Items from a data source

=== Begin Enclosure ===

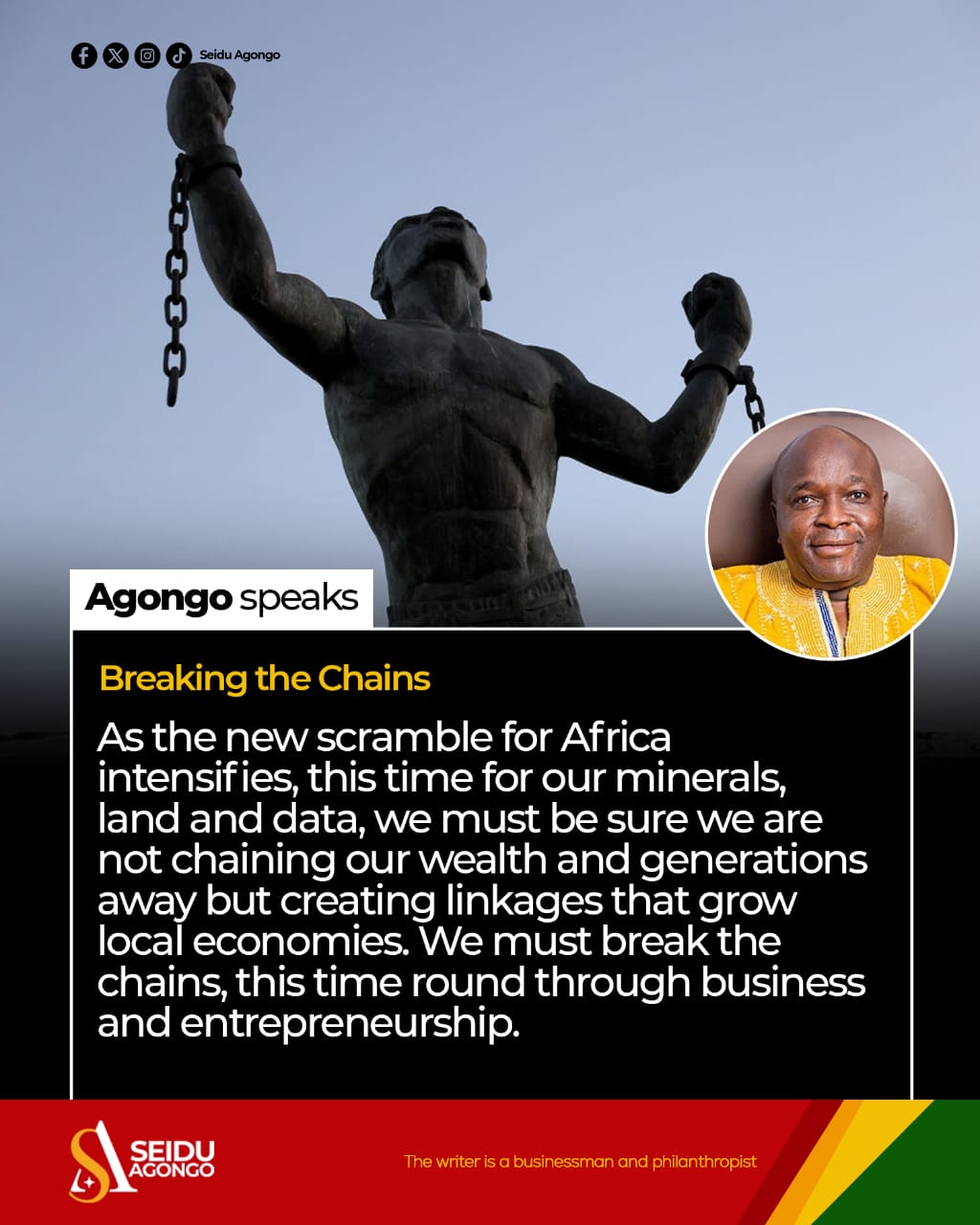 The article concludes that Africa must break economic chains through business and entrepreneurship, ensuring that the new scramble for Africa benefits local communities and future generations. Agongo calls for unity, putting Africa’s interests above party politics, and creating industrial policies that outlive governments. He emphasizes that national priorities should not change with every election cycle, and that Africa must take control of its economic destiny.
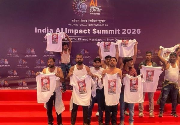 शुक्रवार को AI इम्पैक्ट समिट एग्जीबिशन हॉल में उस समय ड्रामा हुआ जब IYC वर्कर्स सरकार और इंडिया-US ट्रेड डील के खिलाफ नारे लिखी टी-शर्ट पकड़े घूम रहे थे, जिसके बाद सिक्योरिटी वालों ने उन्हें वहां से हटा दिया.
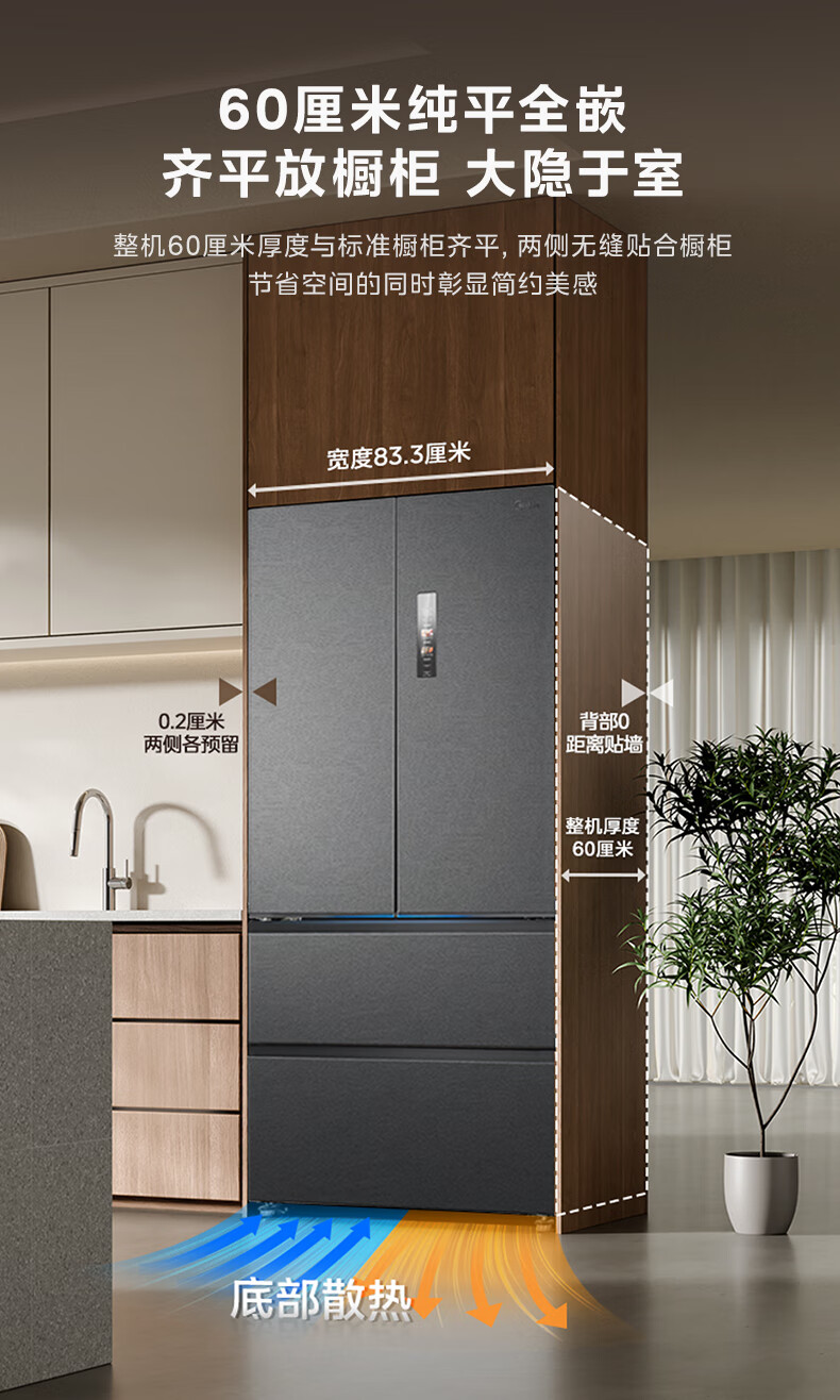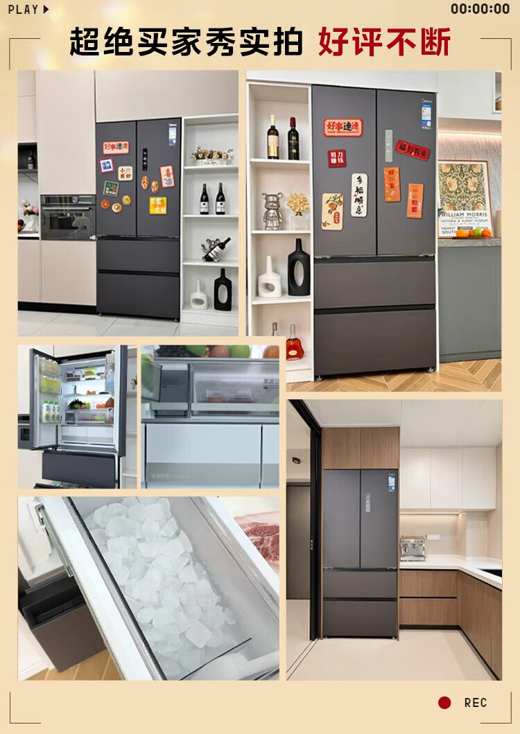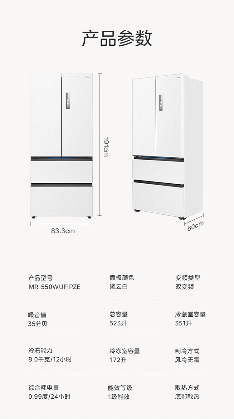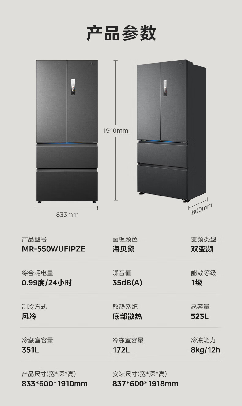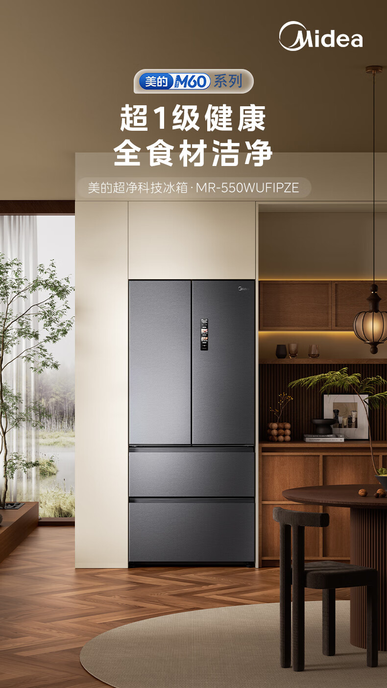 Midea dual system embedded 550 French multi-door four-door thin zero embedded first-level energy efficiency frost-free built-in ice machine sterilization large capacity refrigerator new product launch machine king automatic ice making MR-550WUFIPZE Xiyunbai
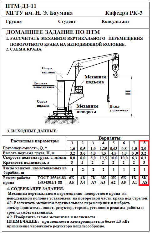 ДЗ 11: Расчёт механизма подъёмно-транспортной машины (ПТМ) вариант 8
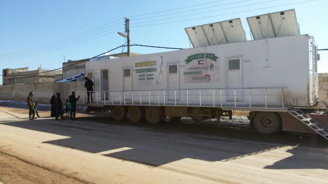 ومن بين هذه النماذج هناك عيادات متنقلة افتتحتها هيئة “ساعد” بتاريخ 21 كانون الأول 2017 بدعم من الهيئة الاسلامية العالمية، وتتألف من ثلاثة عيادات (داخلية، أطفال، نسائية) بالإضافة إلى صيدلية، ويشرف على كل منها طبيب مختص إلى جانب قابلة قانونية.
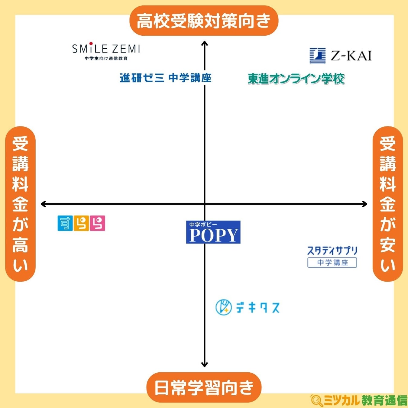 そこで、少しでもお子様の通信教育選びをサポートできるよう、「ミツカル教育通信」は『中学生向け通信教育 ポジショニングマップ』を作成しました。
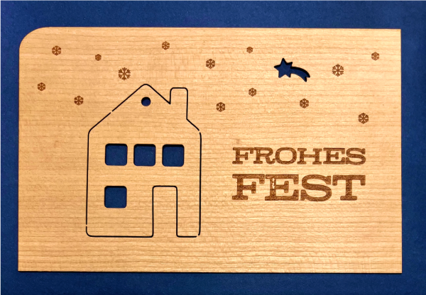 Grußkarte aus bestem ca. 1mm Kirschbaumholz Größe: 14x9cm inkl. DIN C6 Umschlag! "Frohes Fest" EAN: 4260327940021 *Für den Versand mit der Post, einfach als Standard Brief (bis 20g) frankieren!
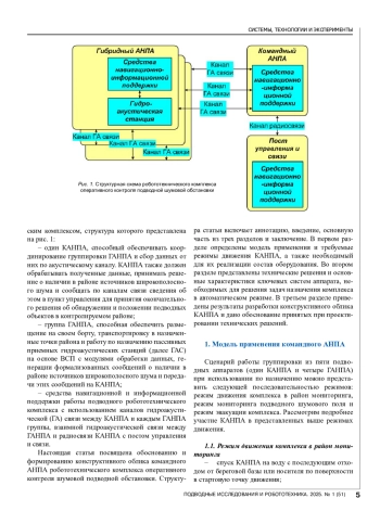 В статье предложен и обоснован конструктивный облик командного автономного необитаемого подводного аппарата (КАНПА) робототехнического комплекса гибридных автономных необитаемых подводных аппаратов (ГАНПА), оборудованных векторно-скалярными приемниками (ВСП) звука для решения задач оперативного мониторинга подводной шумовой обстановки в заданной акватории. КАНПА должен обеспечивать координированное управление движением группы ГАНПА в заданный район и обратно, расстановку аппаратов в заданные географические координаты донной поверхности для образования распределенной антенной системы ВСП, а также сбор результатов обработки сигналов шумового звукового поля по гидроакустическому каналу связи и передачу их на удаленный пост управления в реальном времени по радиоканалу. Предложена модель применения КАНПА, определен состав оборудования, обеспечивающий его целевое использование, обоснован и сформирован конструктивный облик аппарата. При этом особое внимание было уделено унификации бортовых систем комплекса КАНПА и ГАНПА. Отмечены перспективы применения такого комплекса, определяющие возможность решения задач назначения в реальном времени и повышение эффективности его использования.
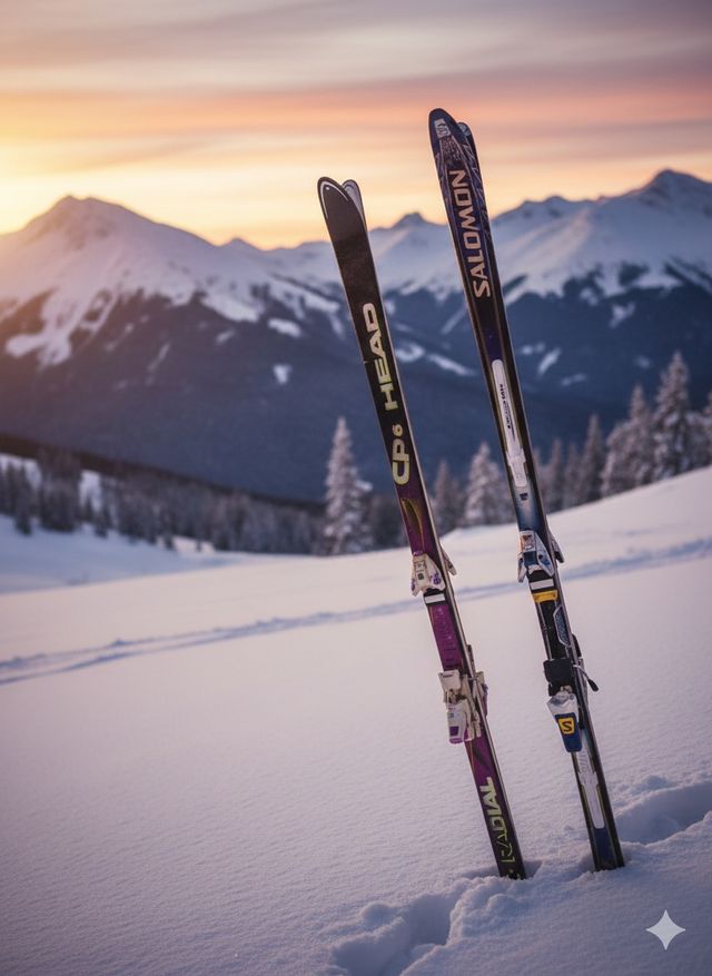 Conjunto de esquís para disfrutar de la nieve. Incluye dos pares de esquís con sus fijaciones. - Esquís HEAD CP6 Radial. - Esquís Salomon. - Fijaciones incluidas.
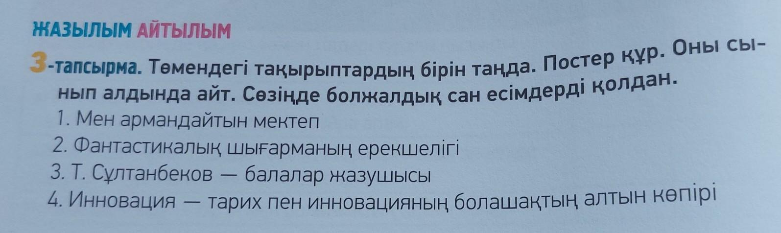 ЖАЗЫЛЫМ АЙТЫЛЫМ 3-тапсырма. Төмендегі тақырыптардың бірін таңда. Постер құр. Оны сы- нып алдында айт. Сөзіңде болжалдық сан есімдерді қолдан. 1. Мен армандайтын мектеп 2. Фантастикалық шығарманың ерекшелігі балалар жазушысы 3. Т. Султанбеков 4. Инновация — тарих пен инновацияның болашақтың алтын көпірі
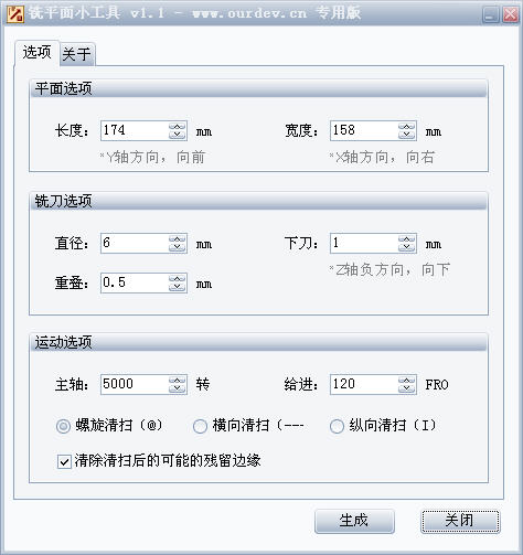銑平面小工具專門用來生成銑平一個平面的G代碼的小工具 使用:平面選項 銑刀選項 運動選項
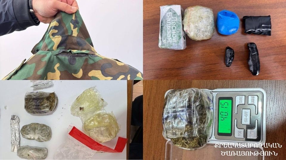 Արդյունքում՝ խուզարկություն իրականացնող ծառայողների աչալրջության շնորհիվ նույն հիմնարկի անվտանգության ապահովման բաժնի երրորդ կարգի մասնագետ Ա․ Պ․-ի համազգեստի պարանոցային հատվածում պատրաստված թաքստոցից հայտնաբերվել են կպչուն ժապավեններով փաթեթավորված, ընդհանուր 125,38 գրամ քաշով, տարբեր տեսակի թմրամիջոցների նմանվող զանգվածներ։

=== End Enclosure ===

EXERCISE GOAL
For this exercise, output the records exactly but omit their pictures.

ANSWER AREA
 The article concludes that Africa must break economic chains through business and entrepreneurship, ensuring that the new scramble for Africa benefits local communities and future generations. Agongo calls for unity, putting Africa’s interests above party politics, and creating industrial policies that outlive governments. He emphasizes that national priorities should not change with every election cycle, and that Africa must take control of its economic destiny.
 शुक्रवार को AI इम्पैक्ट समिट एग्जीबिशन हॉल में उस समय ड्रामा हुआ जब IYC वर्कर्स सरकार और इंडिया-US ट्रेड डील के खिलाफ नारे लिखी टी-शर्ट पकड़े घूम रहे थे, जिसके बाद सिक्योरिटी वालों ने उन्हें वहां से हटा दिया.
 Midea dual system embedded 550 French multi-door four-door thin zero embedded first-level energy efficiency frost-free built-in ice machine sterilization large capacity refrigerator new product launch machine king automatic ice making MR-550WUFIPZE Xiyunbai
 ДЗ 11: Расчёт механизма подъёмно-транспортной машины (ПТМ) вариант 8
 ومن بين هذه النماذج هناك عيادات متنقلة افتتحتها هيئة “ساعد” بتاريخ 21 كانون الأول 2017 بدعم من الهيئة الاسلامية العالمية، وتتألف من ثلاثة عيادات (داخلية، أطفال، نسائية) بالإضافة إلى صيدلية، ويشرف على كل منها طبيب مختص إلى جانب قابلة قانونية.
 そこで、少しでもお子様の通信教育選びをサポートできるよう、「ミツカル教育通信」は『中学生向け通信教育 ポジショニングマップ』を作成しました。
 Grußkarte aus bestem ca. 1mm Kirschbaumholz Größe: 14x9cm inkl. DIN C6 Umschlag! "Frohes Fest" EAN: 4260327940021 *Für den Versand mit der Post, einfach als Standard Brief (bis 20g) frankieren!
 В статье предложен и обоснован конструктивный облик командного автономного необитаемого подводного аппарата (КАНПА) робототехнического комплекса гибридных автономных необитаемых подводных аппаратов (ГАНПА), оборудованных векторно-скалярными приемниками (ВСП) звука для решения задач оперативного мониторинга подводной шумовой обстановки в заданной акватории. КАНПА должен обеспечивать координированное управление движением группы ГАНПА в заданный район и обратно, расстановку аппаратов в заданные географические координаты донной поверхности для образования распределенной антенной системы ВСП, а также сбор результатов обработки сигналов шумового звукового поля по гидроакустическому каналу связи и передачу их на удаленный пост управления в реальном времени по радиоканалу. Предложена модель применения КАНПА, определен состав оборудования, обеспечивающий его целевое использование, обоснован и сформирован конструктивный облик аппарата. При этом особое внимание было уделено унификации бортовых систем комплекса КАНПА и ГАНПА. Отмечены перспективы применения такого комплекса, определяющие возможность решения задач назначения в реальном времени и повышение эффективности его использования.
 Conjunto de esquís para disfrutar de la nieve. Incluye dos pares de esquís con sus fijaciones. - Esquís HEAD CP6 Radial. - Esquís Salomon. - Fijaciones incluidas.
 ЖАЗЫЛЫМ АЙТЫЛЫМ 3-тапсырма. Төмендегі тақырыптардың бірін таңда. Постер құр. Оны сы- нып алдында айт. Сөзіңде болжалдық сан есімдерді қолдан. 1. Мен армандайтын мектеп 2. Фантастикалық шығарманың ерекшелігі балалар жазушысы 3. Т. Султанбеков 4. Инновация — тарих пен инновацияның болашақтың алтын көпірі
銑平面小工具專門用來生成銑平一個平面的G代碼的小工具 使用:平面選項 銑刀選項 運動選項
 Արդյունքում՝ խուզարկություն իրականացնող ծառայողների աչալրջության շնորհիվ նույն հիմնարկի անվտանգության ապահովման բաժնի երրորդ կարգի մասնագետ Ա․ Պ․-ի համազգեստի պարանոցային հատվածում պատրաստված թաքստոցից հայտնաբերվել են կպչուն ժապավեններով փաթեթավորված, ընդհանուր 125,38 գրամ քաշով, տարբեր տեսակի թմրամիջոցների նմանվող զանգվածներ։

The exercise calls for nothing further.